Part or all of any provision of this agreement that is illegal or unenforceable may be severed from this agreement and the remaining provisions of this agreement continue in force.
18.7 No waiver
Waiver of any provision of or right under this agreement must be in writing signed by the party entitled to the benefit of that provision or right and is effective only to the extent set out in any written waiver.
Any term by its nature intended to survive termination of this agreement survives termination of this agreement, including clauses 6, 7, 8, 9, 10, 11, 13, 15, 16, 17 and this clause 18.
18.9 Goods and services tax
(a) Words or expressions used in this clause 16.9 which are defined in the A New Tax System (Goods and Services Tax) Act 1999 (Cth) have the same meaning in this clause.
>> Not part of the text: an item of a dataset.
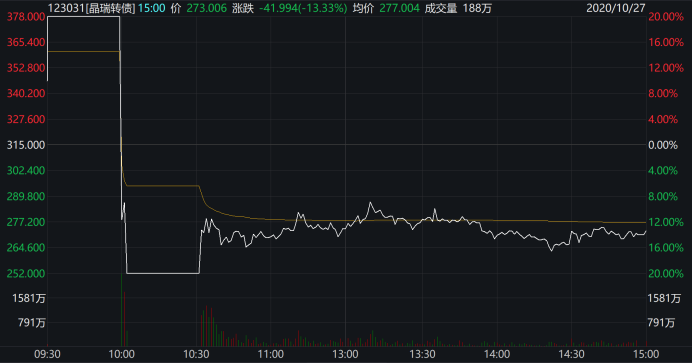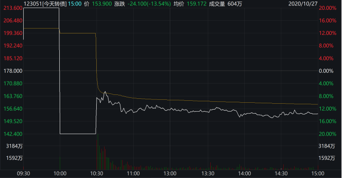 另外,晶瑞转债、今天转债在盘中上演了“天地板”,开盘一度涨20%触发临停,复牌后直线跳水转跌20%,其中今天转债从涨20%到跌20%仅用时一分钟。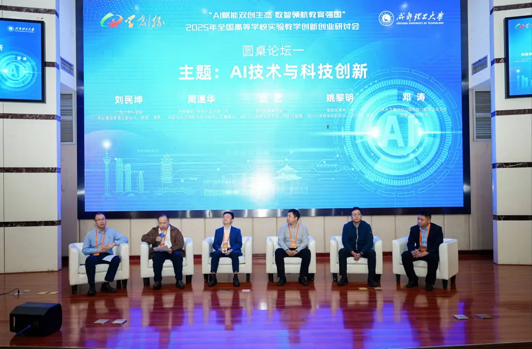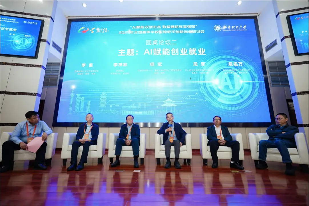 同期举办了“AI 赋能双创生态,数智领航教育强国”全国高等学校创新创业实验教学研讨会设有主旨报告与圆桌论坛。

(b) Any consideration to be paid or provided for a supply made under or in connection with this agreement, unless specifically described in this agreement as ‘GST inclusive’, does not include an amount on account of GST.
(c) Despite any other provision in this agreement, if a party (Supplier) makes a supply under or in connection with this agreement on which GST is imposed (not being a supply the consideration for which is specifically described in this agreement as ‘GST inclusive’):
(i) the consideration payable or to be provided for that supply under this agreement but for the application of this clause (GST exclusive consideration) is increased by, and the recipient of the supply (Recipient) must also pay to the Supplier, an amount equal to the GST payable by the Supplier on that supply; and
(ii) the amount by which the GST exclusive consideration is increased must be paid to the Supplier by the Recipient without set off, deduction or requirement for demand, at the same time as the GST exclusive consideration is payable or to be provided.
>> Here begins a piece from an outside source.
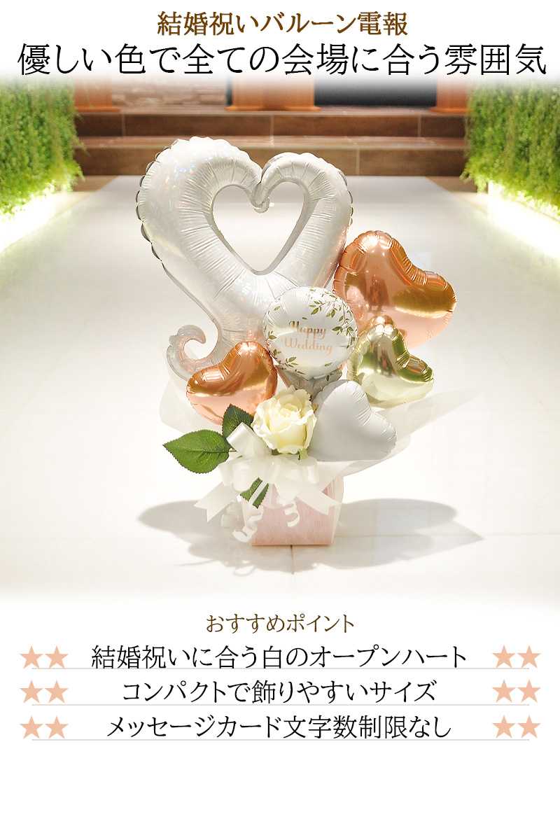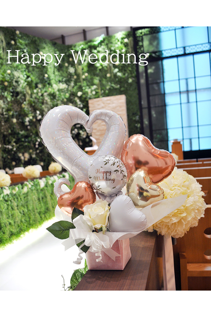 結婚式のお祝い 当店オリジナルバルーン電報 ホワイトハート バルーンアレンジメント

(d) If a payment to a party under this agreement is a reimbursement or indemnification, calculated by reference to a loss, cost or expense incurred by that party, then the payment will be reduced by the amount of any input tax credit to which that party is entitled for that loss, cost or expense. That party is assumed to be entitled to a full input tax credit unless it proves, before the date on which the payment must be made, that its entitlement is otherwise.